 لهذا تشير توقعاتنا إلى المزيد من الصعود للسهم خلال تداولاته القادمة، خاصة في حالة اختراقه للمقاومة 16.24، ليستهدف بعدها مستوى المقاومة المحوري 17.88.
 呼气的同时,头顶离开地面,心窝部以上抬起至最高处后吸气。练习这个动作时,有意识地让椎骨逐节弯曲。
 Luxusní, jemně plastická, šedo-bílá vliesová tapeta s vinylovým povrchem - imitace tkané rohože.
◆ ◆ ◆ ◆ ◆ ◆ ◆
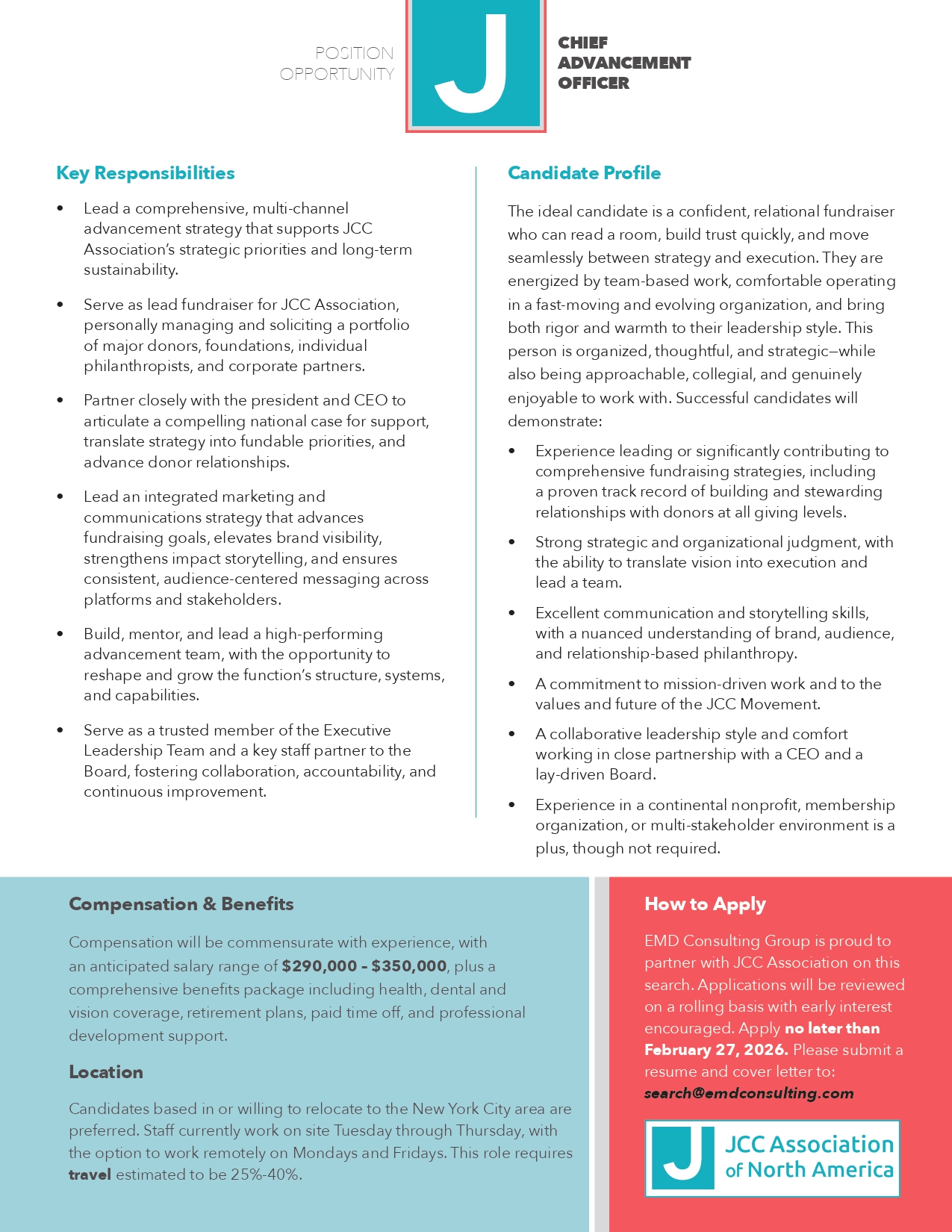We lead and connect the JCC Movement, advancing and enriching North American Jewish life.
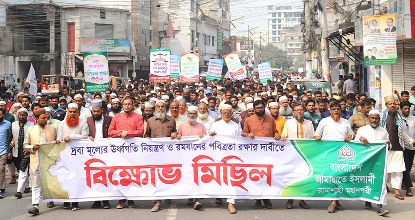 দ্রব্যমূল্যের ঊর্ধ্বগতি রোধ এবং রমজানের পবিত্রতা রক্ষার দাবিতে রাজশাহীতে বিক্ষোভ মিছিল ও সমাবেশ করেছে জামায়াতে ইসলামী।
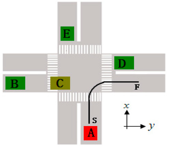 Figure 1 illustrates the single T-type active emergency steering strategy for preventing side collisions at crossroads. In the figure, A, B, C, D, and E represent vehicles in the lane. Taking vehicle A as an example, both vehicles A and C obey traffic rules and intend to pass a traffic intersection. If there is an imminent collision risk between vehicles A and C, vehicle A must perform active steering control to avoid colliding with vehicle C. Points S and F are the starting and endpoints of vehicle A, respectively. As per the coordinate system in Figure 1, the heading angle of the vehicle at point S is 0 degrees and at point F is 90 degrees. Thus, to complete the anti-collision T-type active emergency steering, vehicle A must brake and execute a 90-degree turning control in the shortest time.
◆ ◆ ◆ ◆ ◆ ◆ ◆
* WHAT YOU SHOULD DO: Start with the line above that contains "لهذا تشير توقعاتنا" and stop after the line that contains "Luxusní, jemně plastická, šedo-bílá". Output those lines exactly, and only those.

* OUTPUT BELOW:
 لهذا تشير توقعاتنا إلى المزيد من الصعود للسهم خلال تداولاته القادمة، خاصة في حالة اختراقه للمقاومة 16.24، ليستهدف بعدها مستوى المقاومة المحوري 17.88.
 呼气的同时,头顶离开地面,心窝部以上抬起至最高处后吸气。练习这个动作时,有意识地让椎骨逐节弯曲。
 Luxusní, jemně plastická, šedo-bílá vliesová tapeta s vinylovým povrchem - imitace tkané rohože.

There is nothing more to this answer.